Method that creates a mapping for Ptdiag

 public static SfPatientDiag__c Map_BTSQL_Patientdiag_To_SF_Patientdiag(Ptdiag d)
 {
 return new SfPatientDiag__c
 {
 DiagKey__c = d.Diagkey.ToString(),
 Diagnosis__r = new SfDiagnosis__c { Diagnosis_Key__c = d.Diagkey.ToString() },
 NickName__c = d.Nickname,
 Patient__r = new SfPatient__c { PatientKey__c = d.Ptkey.ToString() },
 Sequence__c = d.Sequence != null ? Convert.ToDouble(d.Sequence) : 0,
 ShortDescr__c = d.Shortdescr,
 PTDiagKey__c = d.Ptdiagkey.ToString()
 };
 }

Question 2

If your code is processing 200k records and it takes 3h to do so, then 99% of that time will be in BulkUpsert method. Did you try comment it out and run your code to see the results?

Question 3

please share BulkUpsert code as well.

Question 4

Bulk Upsert really wasn't an issue. Querying a large object in a for loop is what was causing the overhead. I replaced list with a dictionary to improve the performance significantly. Now it takes less than 2 mins to complete.

Question 5

In addition to the post by @aepot, I made the following changes which reduced the completion time significantly.

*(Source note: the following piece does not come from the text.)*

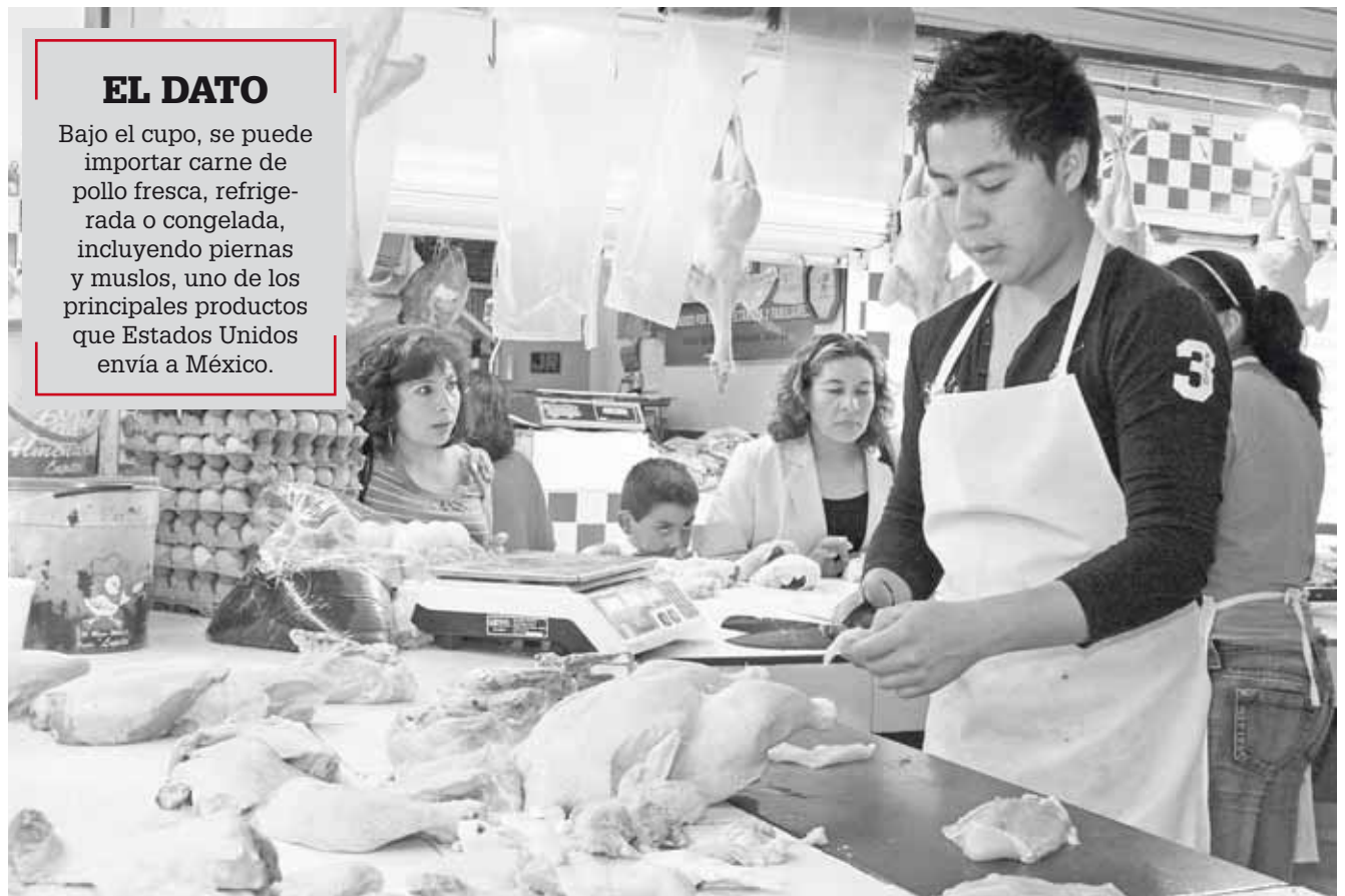
► Brasil ha incrementado las compras del producto en los últimos años.

Bajo el cupo, se puede importar carne de pollo fresca, refrigerada o congelada, incluyendo piernas y muslos, uno de los principales productos que Estados Unidos envía a México.

I used a dictionary instead of a list to query patient Id. Querying a large list of objects in for loop is what really slowed down the processing. Here's what the code looks like now:

for (int i = 0; i < ptdiags.Count; i += BATCH_SIZE)
{
 var batchContents = SFToBTMapping.Bulk_PtDiag_Content(ptdiags.Skip(i).Take(BATCH_SIZE).ToList(), sfPatients.ToDictionary(p => p.PatientKey__c));
 var batch = BulkUpsert(job.Id, batchContents);
}
public static string Bulk_PtDiag_Content(List<Ptdiag> ptdiags, Dictionary<string, SfPatient__c> sfpatients)
 {
 var sb = new StringBuilder();
 sb.AppendLine("Patient__c,DiagKey__c,NickName__c,Sequence__c,ShortDescr__c,PTDiagKey__c");
 foreach (Ptdiag d in ptdiags)
 {
 SfPatientDiag__c sfd = Map_BTSQL_Patientdiag_To_SF_Patientdiag(d);
 sfd.Patient__c = sfpatients.GetValueOrDefault(d.Ptkey.ToString()) != null ? sfpatients[d.Ptkey.ToString()].Id : "";
 sb.Append(string.Join(",", sfd.Patient__c, sfd.DiagKey__c, sfd.NickName__c
 , sfd.Sequence__c, sfd.ShortDescr__c.Replace(",", ""), sfd.PTDiagKey__c));
 if (ptdiags.Last() != d)
 sb.AppendLine();
 }
 return sb.ToString();
 }

Question 6

try-catch is a bad practice in this case, use Dictionary.TryGetValue instead.

Question 7

Thanks for the suggestion. I have updated my code to use a dictionary null checker.

Question 8

sfpatients.GetValueOrDefault(d.Ptkey)?.Id ?? "" would be enough. One attempt to read the value is twice faster than two.

Ahmed Mujtaba Ahmed Mujtaba 1215 bronze badges · Answer 1 · 2021-05-15 11:17:43Z

In addition to the post by @aepot, I made the following changes which reduced the completion time significantly.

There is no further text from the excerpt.